**Provided records**
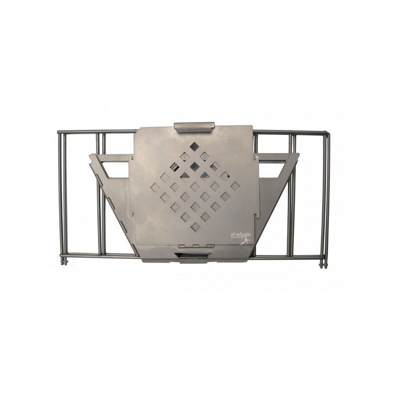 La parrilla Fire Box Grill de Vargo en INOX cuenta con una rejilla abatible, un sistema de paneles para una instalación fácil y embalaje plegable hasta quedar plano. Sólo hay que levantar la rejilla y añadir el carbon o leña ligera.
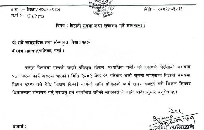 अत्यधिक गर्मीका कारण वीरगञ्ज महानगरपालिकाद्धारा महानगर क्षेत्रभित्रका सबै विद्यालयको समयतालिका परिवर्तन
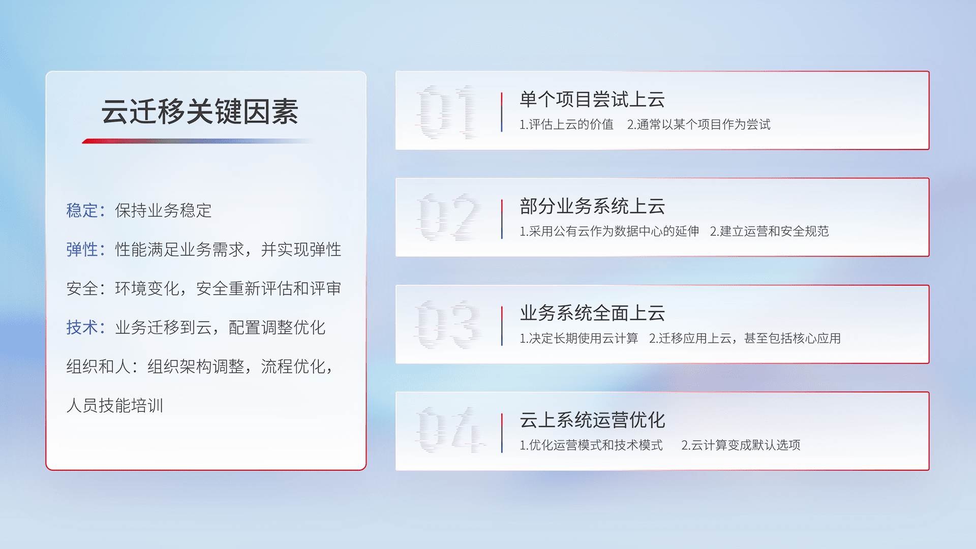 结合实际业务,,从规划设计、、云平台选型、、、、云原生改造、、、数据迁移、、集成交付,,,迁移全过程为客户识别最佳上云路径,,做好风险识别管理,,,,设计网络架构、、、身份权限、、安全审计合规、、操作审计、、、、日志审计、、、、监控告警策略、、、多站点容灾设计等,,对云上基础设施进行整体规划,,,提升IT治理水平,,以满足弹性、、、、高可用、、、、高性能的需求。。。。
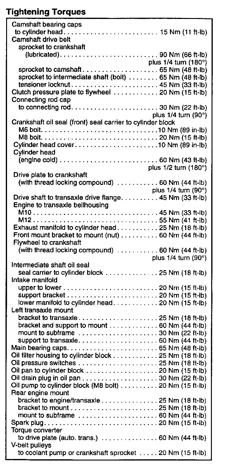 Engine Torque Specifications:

---

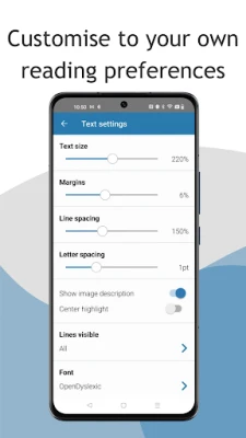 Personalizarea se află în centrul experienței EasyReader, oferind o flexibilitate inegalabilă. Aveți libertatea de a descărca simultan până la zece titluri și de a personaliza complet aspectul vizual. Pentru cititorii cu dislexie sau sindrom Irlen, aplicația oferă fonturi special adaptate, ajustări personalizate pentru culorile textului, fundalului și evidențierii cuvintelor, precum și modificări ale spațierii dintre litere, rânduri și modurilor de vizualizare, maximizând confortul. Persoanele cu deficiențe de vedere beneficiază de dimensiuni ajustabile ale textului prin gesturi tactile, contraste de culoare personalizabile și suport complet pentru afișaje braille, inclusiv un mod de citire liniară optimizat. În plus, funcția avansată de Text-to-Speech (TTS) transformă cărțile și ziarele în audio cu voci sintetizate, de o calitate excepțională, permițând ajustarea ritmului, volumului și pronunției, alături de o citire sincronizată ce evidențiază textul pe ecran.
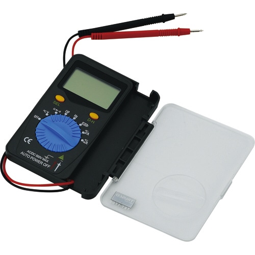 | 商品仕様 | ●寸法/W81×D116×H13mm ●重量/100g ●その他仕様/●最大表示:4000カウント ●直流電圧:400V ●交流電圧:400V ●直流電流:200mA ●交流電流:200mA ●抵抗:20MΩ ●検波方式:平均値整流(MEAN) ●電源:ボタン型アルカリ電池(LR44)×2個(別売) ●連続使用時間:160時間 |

* * *

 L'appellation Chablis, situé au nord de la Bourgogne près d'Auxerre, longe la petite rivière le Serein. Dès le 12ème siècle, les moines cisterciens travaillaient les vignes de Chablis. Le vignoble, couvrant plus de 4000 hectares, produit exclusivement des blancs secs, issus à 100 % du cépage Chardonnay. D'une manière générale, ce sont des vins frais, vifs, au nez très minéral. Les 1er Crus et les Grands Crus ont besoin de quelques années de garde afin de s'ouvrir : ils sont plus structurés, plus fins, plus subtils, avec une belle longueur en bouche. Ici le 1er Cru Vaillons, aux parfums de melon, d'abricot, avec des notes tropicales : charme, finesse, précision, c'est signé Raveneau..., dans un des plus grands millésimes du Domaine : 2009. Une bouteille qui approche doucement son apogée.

**Description of the task**
All that is wanted is the lines above between the one containing "La parrilla Fire" and the one containing "अत्यधिक गर्मीका कारण", inclusive, restated word for word, with pictures omitted.

**Solution to the problem**
 La parrilla Fire Box Grill de Vargo en INOX cuenta con una rejilla abatible, un sistema de paneles para una instalación fácil y embalaje plegable hasta quedar plano. Sólo hay que levantar la rejilla y añadir el carbon o leña ligera.
 अत्यधिक गर्मीका कारण वीरगञ्ज महानगरपालिकाद्धारा महानगर क्षेत्रभित्रका सबै विद्यालयको समयतालिका परिवर्तन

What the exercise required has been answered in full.